With ductile metals, such as low carbon steel, the material can easily deform and the reduction in strength isn’t terribly significant. Figure 3 shows a piece of SAE 1020 steel with a series of blisters that are about a quarter inch in diameter and are filled with hydrogen. It was part of some chemical process equipment and wasn’t highly stressed so the blisters didn’t cause any problems, but larger blisters can cause reduced ductility.

However, as steel is processed to become stronger, it almost always becomes less ductile and the effect of the atomic hydrogen becomes more critical. Figure 4 shows the magnified fracture of a steel spring used in a piece of pharmaceutical equipment. The bottom of this HRC 50 spring was rusted, the result of the cleaning process and a poor machine design. Looking at the crack face, the corrosion at the origin is readily visible, and a metallurgical analysis confirms that hydrogen was involved.

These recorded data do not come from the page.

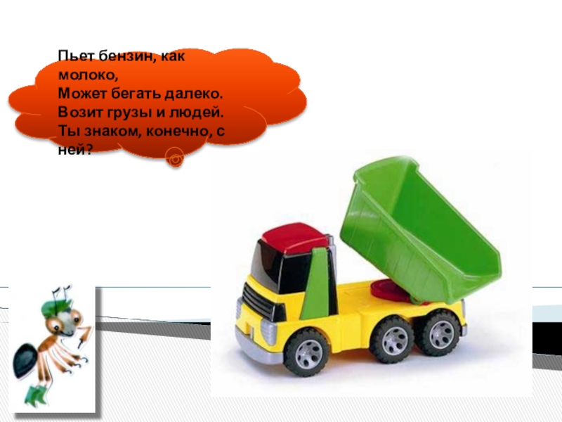Пьет бензин, как молоко,Может бегать далеко.Возит грузы и людей.Ты знаком, конечно, с ней?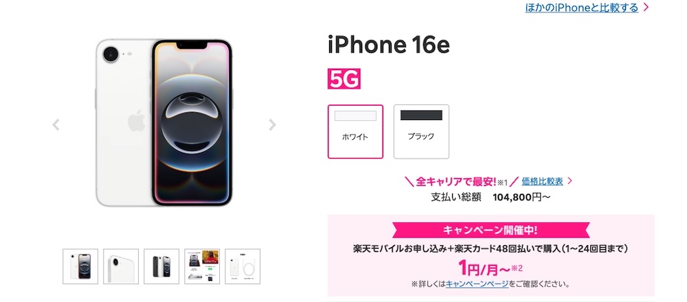 楽天モバイルがiPhone 16eを月額1円で使えるキャンペーンを実施中です。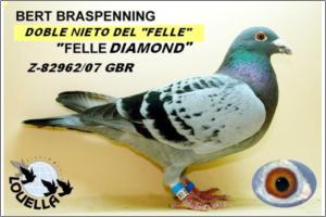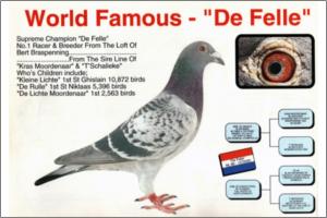 DOLBLE NIETO DEL "FELLE" EL TRIPLE CAMPEÓN DE BERT BRASPENNING. Y NIETO DE LA SUPER" VAN MOORSEL" 20 X 1º , 10 X 2º. ,, 1º AS PALOMA + TRES VECES 2º AS PALOMA DE VELOCIDAD DE TODA HOLANDA. LÍNEAS JANSSEN.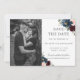 Burgundy Navy Blush Blommig Foto Spara Datum Inbjudningar
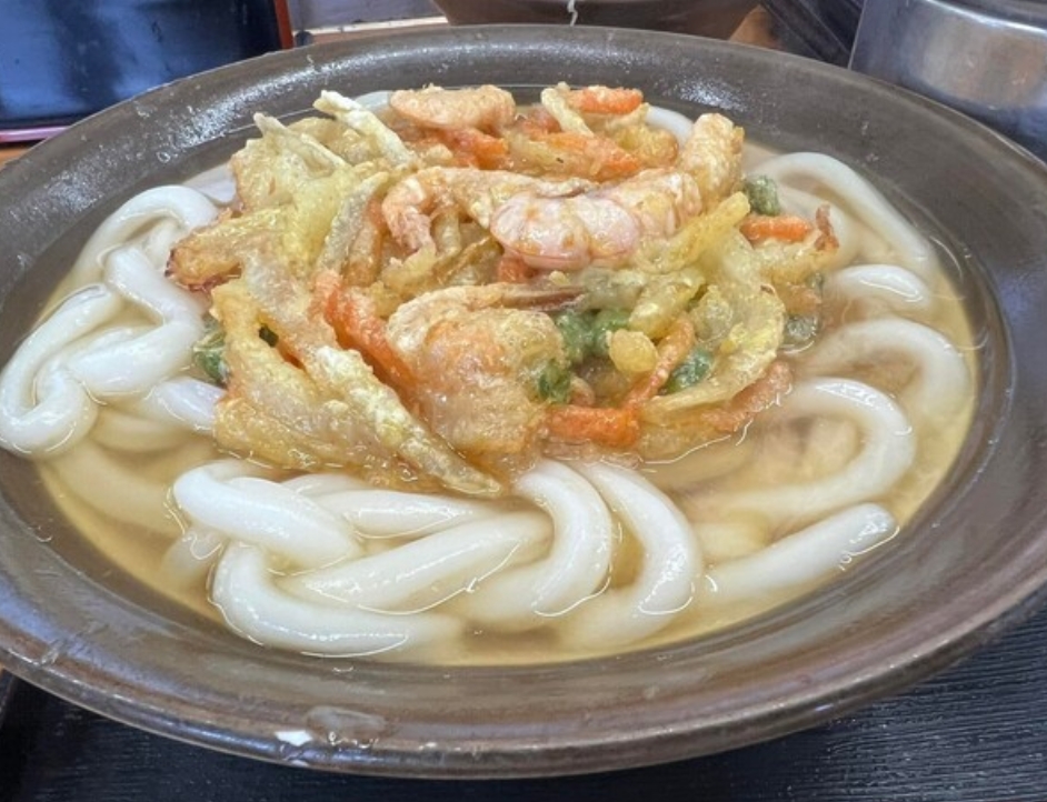 お子様セットから定番の肉うどん、豪華なかき揚げまで、どのメニューもボリューム満点!コスパが抜群で、お腹も心も大満足。福岡三大うどんの一角として、観光客にも人気の名店です。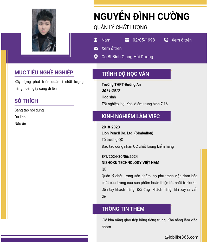 Xem hồ sơ ứng viên NGUYỄN ĐÌNH CƯỜNG cần 2 điểm. Hồ sơ được cập nhật ngày: 30/06/2024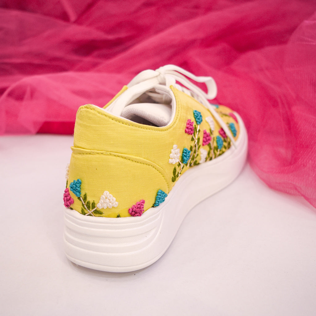 Create your own wedding footwear with custom embroidery, right heel height, matching colour and preferred comfort.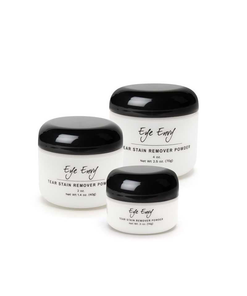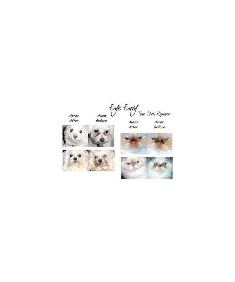 La polvere Eye Envy è un prodotto che rimuovere e previene le antiestetiche macchie scure sul pelo intorno agli occhi causate dall'eccessiva lacrimazione. Oltre alla rimozione ha un forte potere sbiancante e un' elevata capacità assorbente per le nuove lacrime. Prima di utilizzare la polvere è bene pulire il pelo con la soluzione occhi Eye Envy, che ha una potente azione sbiancante e disinfettante, e favorirà l'effetto sbiancante della polvere. Applicare esternamente sul pelo e contropelo del cane/gatto senza rimuoverla.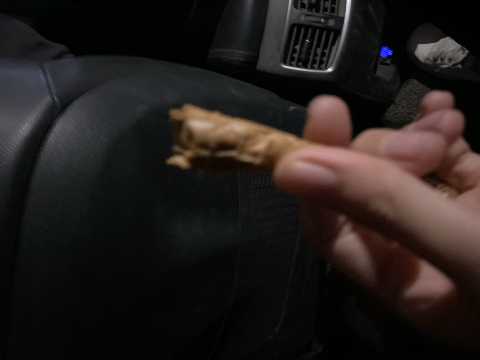 - "A hand holds a light brown, cigar-shaped object, possibly a treat or snack, in a car" by FM-U9GOy1, licensed under CC BY 4.0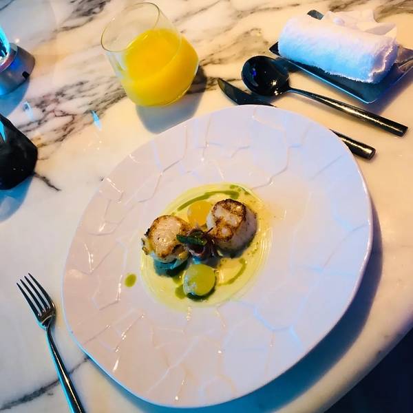 这次由于我去的比较晚,前面一桌撤了,服务员就帮我安排到了景观位,之前没预定到的,只是预定到了第三排,这里必须实名表扬Nancy,Amy这两位,一直尽心尽力的为我服务,不厌其烦的给我解说!北海道扇贝真的很嫩滑入味。Xo杂锦海鲜汤卡布奇诺牛肝菌蘑哈哈,刚开始哟吓了一跳,但是真的很好喝,上面的白泡沫是奶泡。还有很多很多的菜品,都做的非常的好,尤其是还有第一次吃到的蓝龙虾,真的是太棒了,非常非常的满意~

We know that hydrogen cracking is the result of a combination of metal chemistry, temperature, stress and time. Nevertheless, the only way for sure to know if hydrogen has contributed to a failure is to have the part analyzed for hydrogen content, but there is no hard and fast rule as to the effect that corrosion has on causing the failures.

One of my first lessons about the effect of corrosion involved a $200,000 roller bearing in one of our machines. This was before the era of predictive maintenance, and we had removed it from position and opened it up to inspect the condition of the contact surfaces. The cause of the problem was that, after removing it from a very dirty environment, we had washed it with hot water that managed to get past the seals. So, when we opened the bearing there were a series of black marks on the inner and outer rings, and Figure 5 is a microscope’s view of the marks. They are corrosion pits and the technical staff from the bearing manufacturer told us that the hydrogen from the pitting had reduced the L10 life of the bearing to 10–20 percent of the original.

Black marks on the contact path of a rolling element bearing are almost always symptoms of corrosion that will greatly reduce ball and roller bearing life. With similar stress mechanisms and hardened steels, corrosion will also reduce the life of gear teeth and chain components.